■ RECORD SET
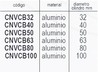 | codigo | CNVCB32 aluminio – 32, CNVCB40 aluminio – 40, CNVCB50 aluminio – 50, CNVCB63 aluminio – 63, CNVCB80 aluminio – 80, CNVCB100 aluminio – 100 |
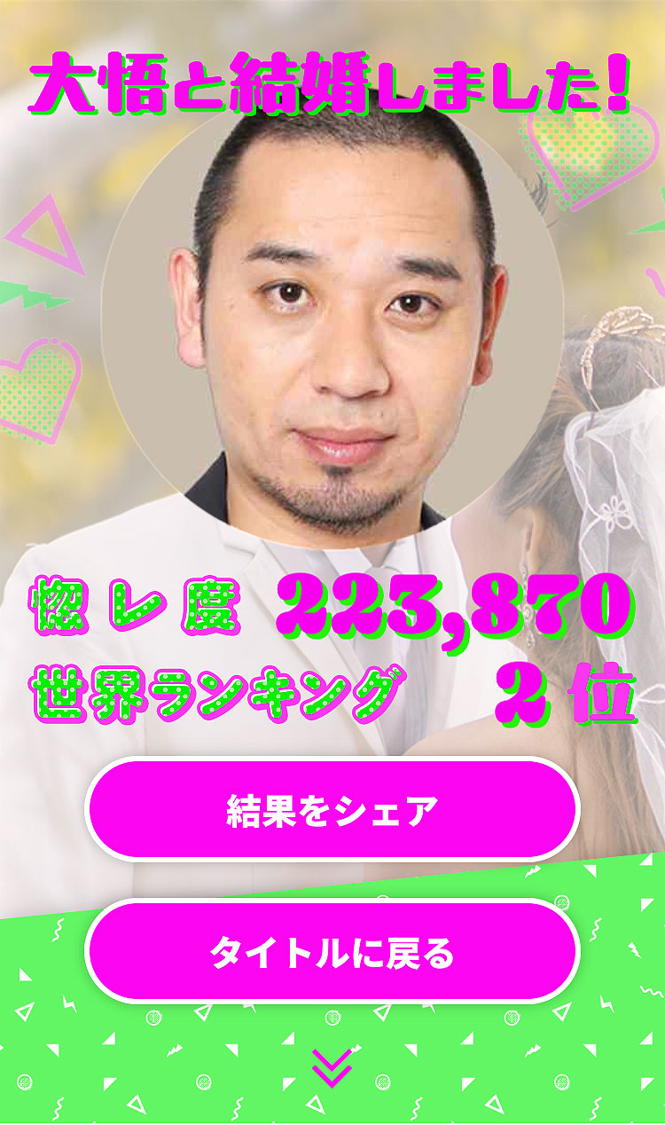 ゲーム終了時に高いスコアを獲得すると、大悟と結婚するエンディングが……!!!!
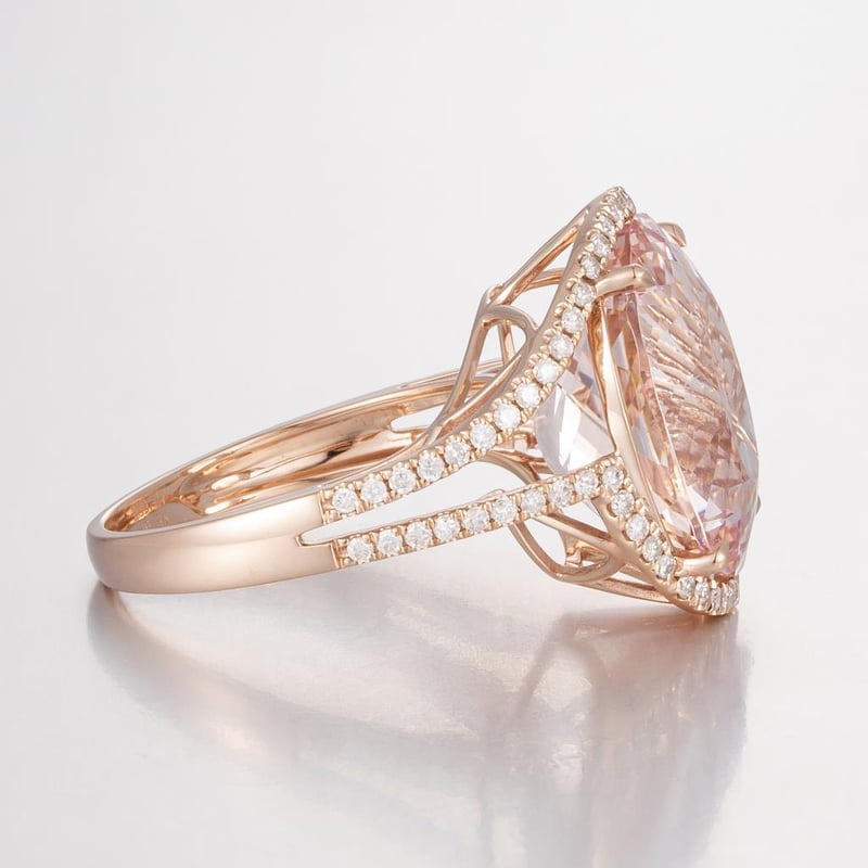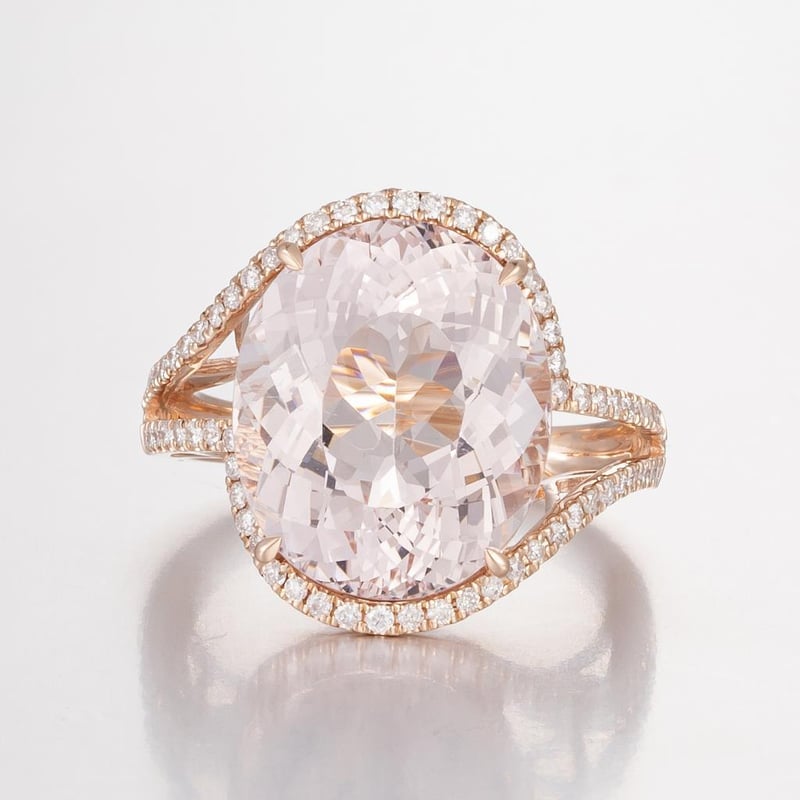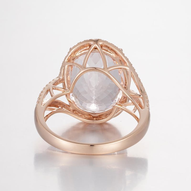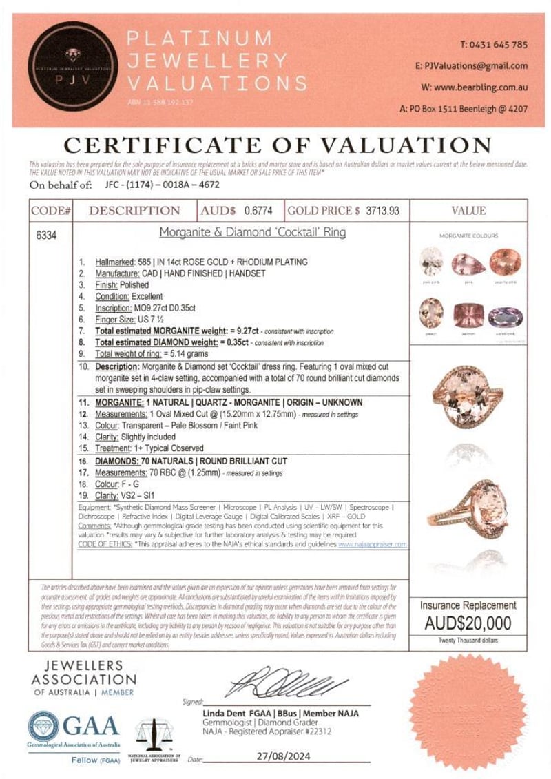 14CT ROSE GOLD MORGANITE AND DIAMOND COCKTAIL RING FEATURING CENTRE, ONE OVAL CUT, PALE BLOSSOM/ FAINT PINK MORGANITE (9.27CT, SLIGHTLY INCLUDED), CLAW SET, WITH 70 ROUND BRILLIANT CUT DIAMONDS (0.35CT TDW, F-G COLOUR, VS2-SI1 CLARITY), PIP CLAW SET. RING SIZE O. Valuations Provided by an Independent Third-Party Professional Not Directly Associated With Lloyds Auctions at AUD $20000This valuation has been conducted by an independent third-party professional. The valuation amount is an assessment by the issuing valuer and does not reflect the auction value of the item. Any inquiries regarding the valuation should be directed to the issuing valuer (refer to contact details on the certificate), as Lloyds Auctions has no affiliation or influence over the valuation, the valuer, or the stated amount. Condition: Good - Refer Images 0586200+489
--
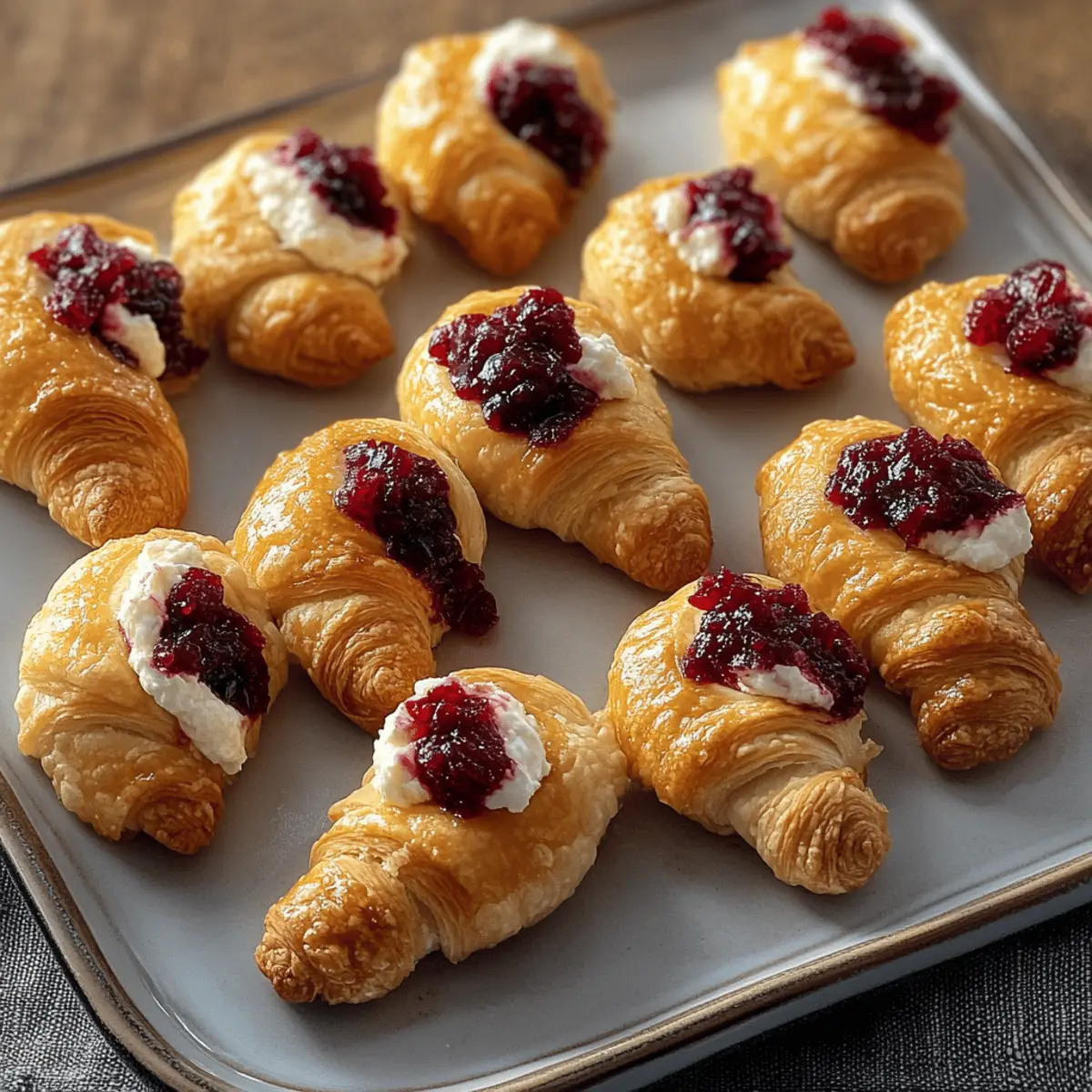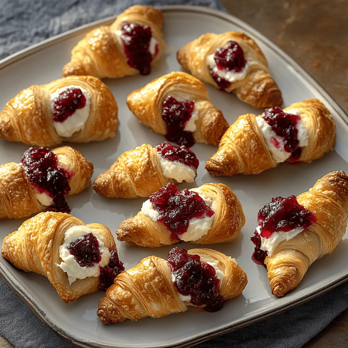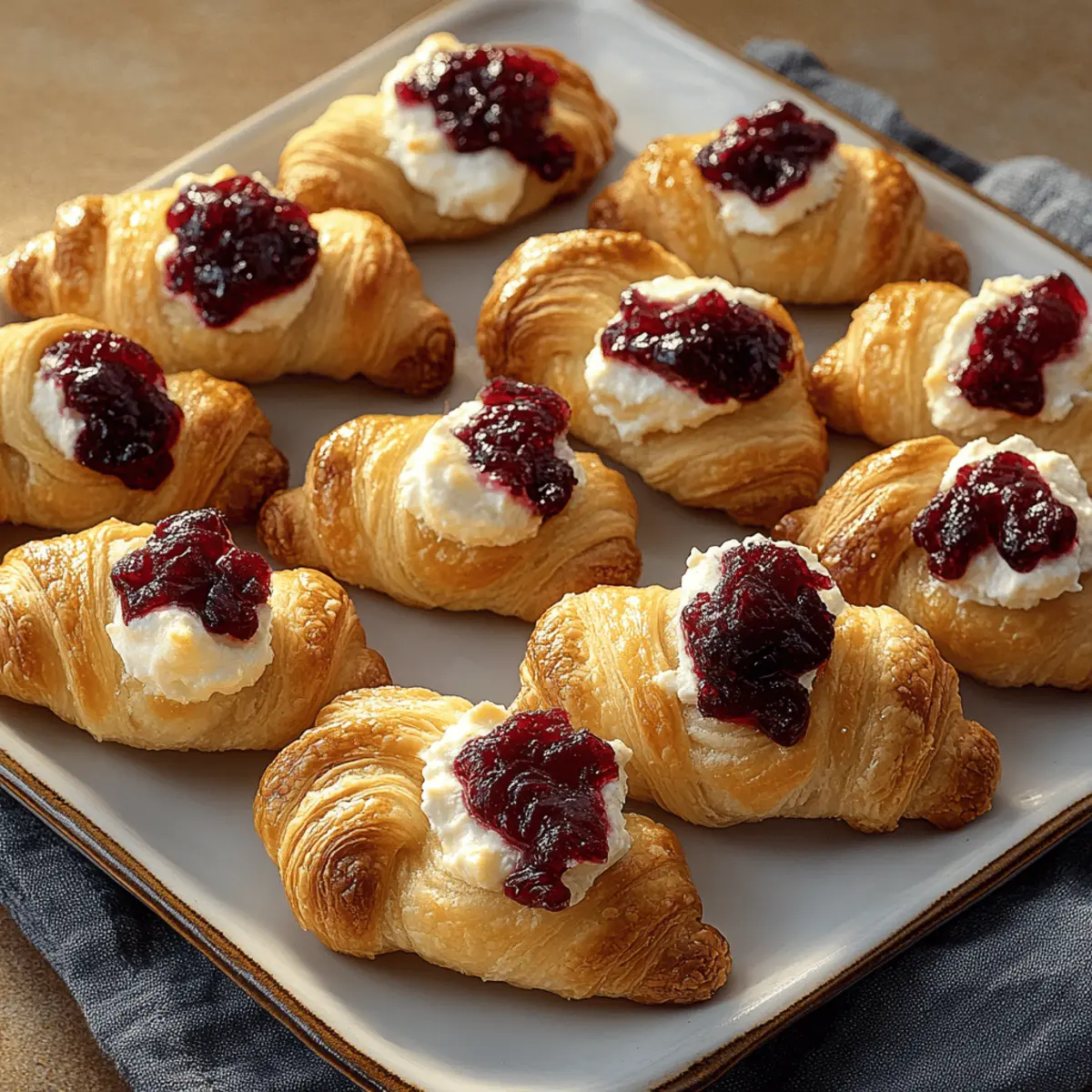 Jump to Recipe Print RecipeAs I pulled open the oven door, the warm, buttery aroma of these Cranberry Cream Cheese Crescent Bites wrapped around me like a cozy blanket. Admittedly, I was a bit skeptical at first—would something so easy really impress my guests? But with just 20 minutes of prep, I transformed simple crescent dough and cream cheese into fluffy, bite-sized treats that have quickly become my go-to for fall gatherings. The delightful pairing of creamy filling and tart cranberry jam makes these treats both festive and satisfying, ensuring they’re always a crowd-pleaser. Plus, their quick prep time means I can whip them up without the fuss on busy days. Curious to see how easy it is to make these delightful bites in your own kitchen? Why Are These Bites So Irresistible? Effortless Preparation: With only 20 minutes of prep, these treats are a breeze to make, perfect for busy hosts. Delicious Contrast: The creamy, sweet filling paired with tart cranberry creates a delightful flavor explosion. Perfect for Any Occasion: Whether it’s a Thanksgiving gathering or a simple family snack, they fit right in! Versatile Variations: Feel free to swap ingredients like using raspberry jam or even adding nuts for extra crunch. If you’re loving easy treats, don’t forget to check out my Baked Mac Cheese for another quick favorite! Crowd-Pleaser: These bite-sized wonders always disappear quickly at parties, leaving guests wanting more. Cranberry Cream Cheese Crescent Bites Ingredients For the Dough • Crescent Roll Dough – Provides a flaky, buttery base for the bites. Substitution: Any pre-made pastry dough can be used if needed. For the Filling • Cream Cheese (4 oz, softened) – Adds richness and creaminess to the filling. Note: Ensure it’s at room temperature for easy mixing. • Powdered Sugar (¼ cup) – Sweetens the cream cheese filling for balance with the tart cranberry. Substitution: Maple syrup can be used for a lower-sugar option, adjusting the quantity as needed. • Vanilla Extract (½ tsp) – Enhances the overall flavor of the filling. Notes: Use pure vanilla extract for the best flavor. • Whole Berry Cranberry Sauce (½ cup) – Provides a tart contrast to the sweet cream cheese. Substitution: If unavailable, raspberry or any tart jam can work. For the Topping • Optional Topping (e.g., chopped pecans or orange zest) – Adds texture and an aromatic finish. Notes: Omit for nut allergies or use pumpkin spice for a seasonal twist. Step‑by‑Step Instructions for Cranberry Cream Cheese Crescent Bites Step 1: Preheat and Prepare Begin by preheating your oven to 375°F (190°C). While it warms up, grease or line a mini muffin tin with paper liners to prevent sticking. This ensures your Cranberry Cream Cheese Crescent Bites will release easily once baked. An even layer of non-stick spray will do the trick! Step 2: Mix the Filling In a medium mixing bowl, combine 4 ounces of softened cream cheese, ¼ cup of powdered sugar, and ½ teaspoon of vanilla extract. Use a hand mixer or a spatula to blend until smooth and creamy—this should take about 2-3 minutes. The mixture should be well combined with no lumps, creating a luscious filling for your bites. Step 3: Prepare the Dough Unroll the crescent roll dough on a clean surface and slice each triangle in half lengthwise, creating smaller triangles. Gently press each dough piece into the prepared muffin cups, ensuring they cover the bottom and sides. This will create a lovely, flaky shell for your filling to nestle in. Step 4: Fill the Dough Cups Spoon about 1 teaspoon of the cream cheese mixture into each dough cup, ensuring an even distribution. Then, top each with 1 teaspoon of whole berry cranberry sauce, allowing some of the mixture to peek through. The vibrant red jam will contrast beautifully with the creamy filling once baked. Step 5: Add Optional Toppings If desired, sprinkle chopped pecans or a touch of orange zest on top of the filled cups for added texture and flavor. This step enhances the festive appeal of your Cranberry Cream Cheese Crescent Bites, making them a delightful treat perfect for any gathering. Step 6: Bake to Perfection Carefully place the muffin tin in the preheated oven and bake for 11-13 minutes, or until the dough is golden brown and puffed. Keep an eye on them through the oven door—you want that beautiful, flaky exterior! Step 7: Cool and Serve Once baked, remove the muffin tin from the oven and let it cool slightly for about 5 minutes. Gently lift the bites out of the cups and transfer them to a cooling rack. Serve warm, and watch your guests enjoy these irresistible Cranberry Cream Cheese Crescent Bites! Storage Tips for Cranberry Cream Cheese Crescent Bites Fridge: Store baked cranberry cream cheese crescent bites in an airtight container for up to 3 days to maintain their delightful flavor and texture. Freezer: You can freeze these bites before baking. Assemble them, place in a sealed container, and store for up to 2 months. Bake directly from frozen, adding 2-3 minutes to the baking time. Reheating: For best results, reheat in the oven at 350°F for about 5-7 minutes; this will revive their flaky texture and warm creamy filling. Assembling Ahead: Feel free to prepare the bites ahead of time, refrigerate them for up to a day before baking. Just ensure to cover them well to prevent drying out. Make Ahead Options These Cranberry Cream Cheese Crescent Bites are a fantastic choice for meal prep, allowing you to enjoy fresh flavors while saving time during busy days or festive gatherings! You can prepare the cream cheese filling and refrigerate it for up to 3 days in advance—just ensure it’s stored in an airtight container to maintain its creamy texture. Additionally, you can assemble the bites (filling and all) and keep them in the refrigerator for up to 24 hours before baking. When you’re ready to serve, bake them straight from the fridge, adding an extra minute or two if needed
...
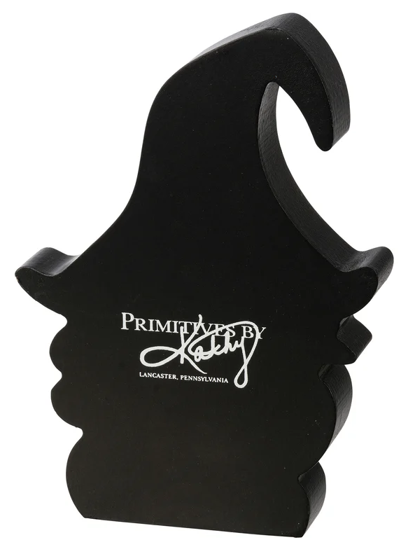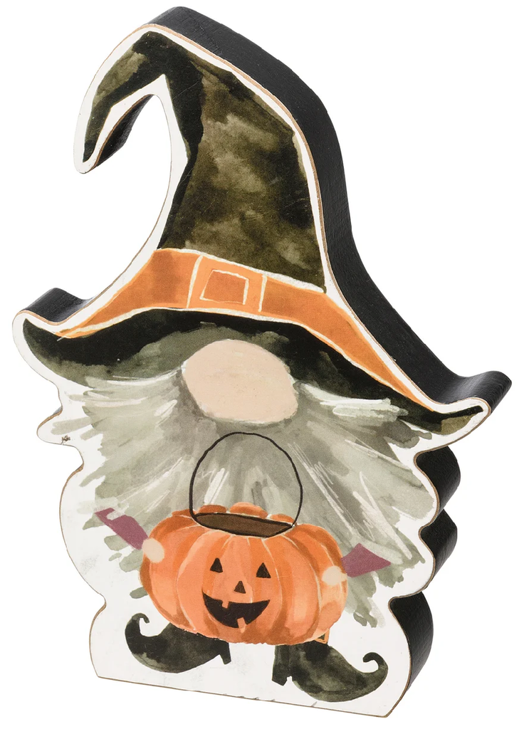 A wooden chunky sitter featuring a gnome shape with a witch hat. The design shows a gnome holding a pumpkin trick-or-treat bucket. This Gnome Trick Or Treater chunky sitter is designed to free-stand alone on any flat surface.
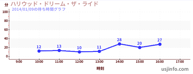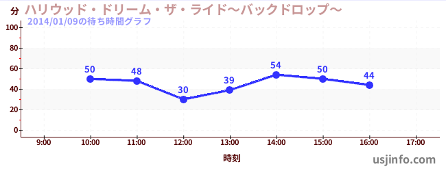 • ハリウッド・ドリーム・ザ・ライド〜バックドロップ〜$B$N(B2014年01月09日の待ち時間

■ WHAT YOU NEED TO DO
A verbatim reproduction is expected: starting at the line above that has "aluminio – 100 |", ending at the line that has "14CT ROSE GOLD", both included, and with no pictures and no other lines.

■ TASK SOLUTION
 | codigo | CNVCB32 aluminio – 32, CNVCB40 aluminio – 40, CNVCB50 aluminio – 50, CNVCB63 aluminio – 63, CNVCB80 aluminio – 80, CNVCB100 aluminio – 100 |
 ゲーム終了時に高いスコアを獲得すると、大悟と結婚するエンディングが……!!!!
 14CT ROSE GOLD MORGANITE AND DIAMOND COCKTAIL RING FEATURING CENTRE, ONE OVAL CUT, PALE BLOSSOM/ FAINT PINK MORGANITE (9.27CT, SLIGHTLY INCLUDED), CLAW SET, WITH 70 ROUND BRILLIANT CUT DIAMONDS (0.35CT TDW, F-G COLOUR, VS2-SI1 CLARITY), PIP CLAW SET. RING SIZE O. Valuations Provided by an Independent Third-Party Professional Not Directly Associated With Lloyds Auctions at AUD $20000This valuation has been conducted by an independent third-party professional. The valuation amount is an assessment by the issuing valuer and does not reflect the auction value of the item. Any inquiries regarding the valuation should be directed to the issuing valuer (refer to contact details on the certificate), as Lloyds Auctions has no affiliation or influence over the valuation, the valuer, or the stated amount. Condition: Good - Refer Images 0586200+489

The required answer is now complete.